Ну, и денёк...

Владимир Темкин
Ну, и денёк сегодня выдался! При в общем-то скучноватой нашей здешней Чикагской жизни,  день был событийный - просто невероятно. Думаю, что помнить я его буду долго. Но, попробую, пожалуй, по порядку. Начиналось всё оно ещё вчера, когда получил я от приятеля письмо с афишкой здешнего культурного центра «КРУГ». По смыслу и замыслу это небольшой городской клуб, имеющий типичную структуру. Набор детских студий, балет, пение, рисование, и какие-то там женские междусобойчики, типа ФЭН-ШУЙ, йога, и т.п. И есть такой небольшой зальчик, человек на 50-70, максимум 100 со сценой и освещением. Иногда в нем и заезжие «гастролеры» выступают. Но в этот раз в рекламке значился «мастер-класс» художника Льва К. А у меня с этим именем связаны довольно интересные воспоминания. Году в 1998, по-пав первый раз после переезда в Израиль в порядком уже изменившуюся Москву, бродил я по центру города со своим дружком и тёзкой Вовкой Х., и, свернув с Красной площади на Варварку, забрели мы с ним на площадь Ноги-на, теперешнюю Славянскую, откуда уже прошли к углу Солянки. Там же мы не свернули на неё, а поднялись вверх по ул.Забелина, бывшему Большому Ивановскому переулку. Здесь,  в самом верхнем слева дворе дома номер 5, прошла моя юность.
Мы прошли вдоль по глубокой алее, миновали стоящий углом корпус 5А и остановились перед родным когда-то парадным. Постояли, посмотрели на кнопочный замок, на окна нашей в прошлом квартиры, на ворота отцовского гаража. Для центра города, а наш почтовый адрес так и писался «Москва, центр...» место это было затишное, практически заповедное. Сюда выходил своим краем старинный прикремлёвский район – Зарядье, а ниже и ближе к устью реки Яузы, впадающей в Котельниках в Москва-реку, лежала знаменитая Хитровка. В молодости, возвращаясь по вечерам домой, я мог уточнять время по бою курантов на Спасской Башне, хорошо слышимому тут у нас в позднее время, когда город уже затихал.
Выйдя из ворот в переулок, мы с Вовкой остановились и осмотрелись. Напротив высились стены и башни Ивановского монастыря, слева золотились острые купола церкви «Спаса в садах», а влево вверх уходил в сторону Маросейки Петроверигский переулок.
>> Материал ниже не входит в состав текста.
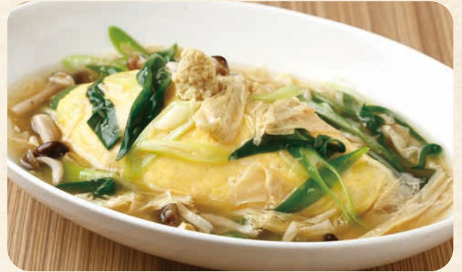
京湯葉と九条ネギ 葛のスープ オムライス
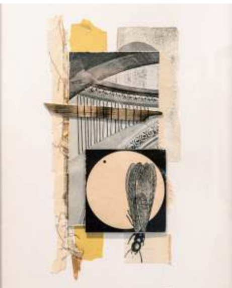
Wunderbares Wesen, d'Estelle Lichtenberger
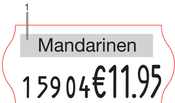
Rysunek 28 Przykład nadruku taśmy

Skontaktować się z producentem, aby opracował wybrany suwak taśmy.

Здесь, у наших ворот, часто сидели художники, рисующие Московскую натуру. Все сходившиеся сюда улицы имели выраженный уклон, обеспечивающий мощную заднюю перспективу, и поэтому были любимы ими и кинематографистами. Этим, вторым, наши улицы давали ещё многоплановое раздолье. Чуть вправо повел камерой, славянский пейзаж, монастырские строения и золотые маковки. Чуть влево – Западная Европа, ибо там над вполне современными (на начало ХХ века) домами высилась лютеранская кирха. Во время съёмок улица перегораживалась, пейзаж слегка корректировался отдельными деталями, появлялась съемочная техника, прохаживались по тратуарам переодетые и загриммированные известные артисты. А помощники режисера разгоняли детвору и прохожих, мешавших тем, что теснились вокруг съёмочной площадки и, что ещё хуже - попадали в кадр. Мы с Вовкой постояли немного, помянув в разговоре все эти детали давнишней прошлой жизни, и двинулись дальше.
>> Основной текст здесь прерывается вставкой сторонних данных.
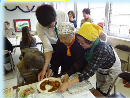
認知症の方との交流

旭川市社会福祉協議会 地域福祉課 旭川市生活支援 コーディネーター小山 電話：23-0742 FAX：23-0746
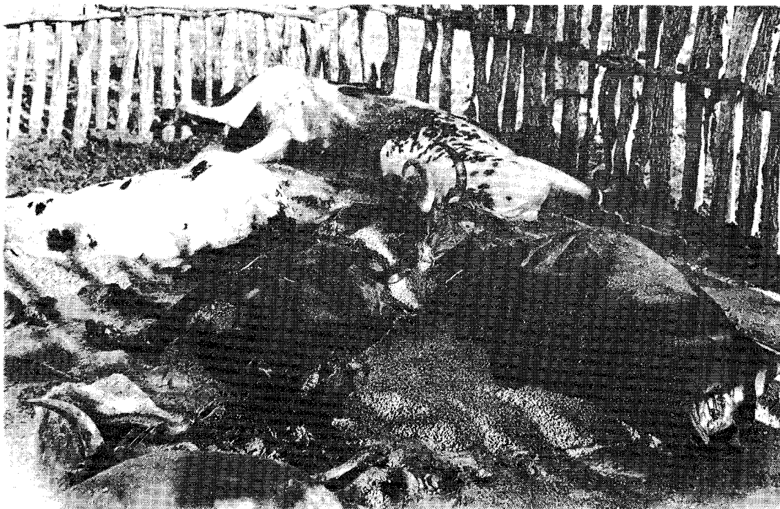
Сотни голов скота были злонамеренно уничтожены в загонах расистскими войсками Смита.
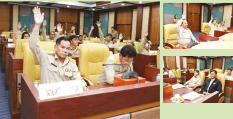
วันที่ 26 สิงหาคม 2562 ประชุมสภาเทศบาลนครศรี สมัยสามัญ สมัยที่ 3 ครั้งที่ 2 ประจำปี 2562 ❖

Было это в самом начале апреля месяца, а в июне приехала к нам в Израиль Анечка, дочь нашей близкой подруги, которой Вовка напихал в чемодан десяток технических книг, добытых им по моей просьбе, с тем, чтобы я их здесь у себя скопировал бы и отослал через неё же обратно. А помимо книг гостья наша вручила мне лист А2 плотного художественного ватмана, на котором был изображен в удивительно лаконичной художественной манере наш двор, дом, гараж... Я был поражен. Это была великолепная графика, автором которой был Лев К., помянутый выше. Он был женат на Вовкиной двоюродной сестре и  уже известен в творческой Москве, как художник по теме «Московский дворик». Конечно же, большая часть его произведений касалась неких ярких представителей московской старины и архитектурных её украшений. Но, благодаря Вовке, упросившего родича изобразить для меня наше семейное жилище, я со своим «двориком» тоже как бы попал в эти списки. Во всяком случае, в Чикаго практически все знакомые, войдя ко мне в кабинетик, первое, что замечали, это подпись Льва К. на этом рисунке. Поэтому, прочитав объявление о «мастер-классе» прославленного Мастера, я решил на указанные там полтора часа подъехать и потолкаться. Вдруг, да и удасться вставить где-то-как-то словечко-другое на тему о том, что мы с Мастером люди-то, в каком-то смысле, не совсем чужие друг другу. И таки оказалось, что да! Выросли мы с ним на пересекающихся улицах в полукилометре друг от друга. И были почти ровесниками. Это выяснилось уже при встрече.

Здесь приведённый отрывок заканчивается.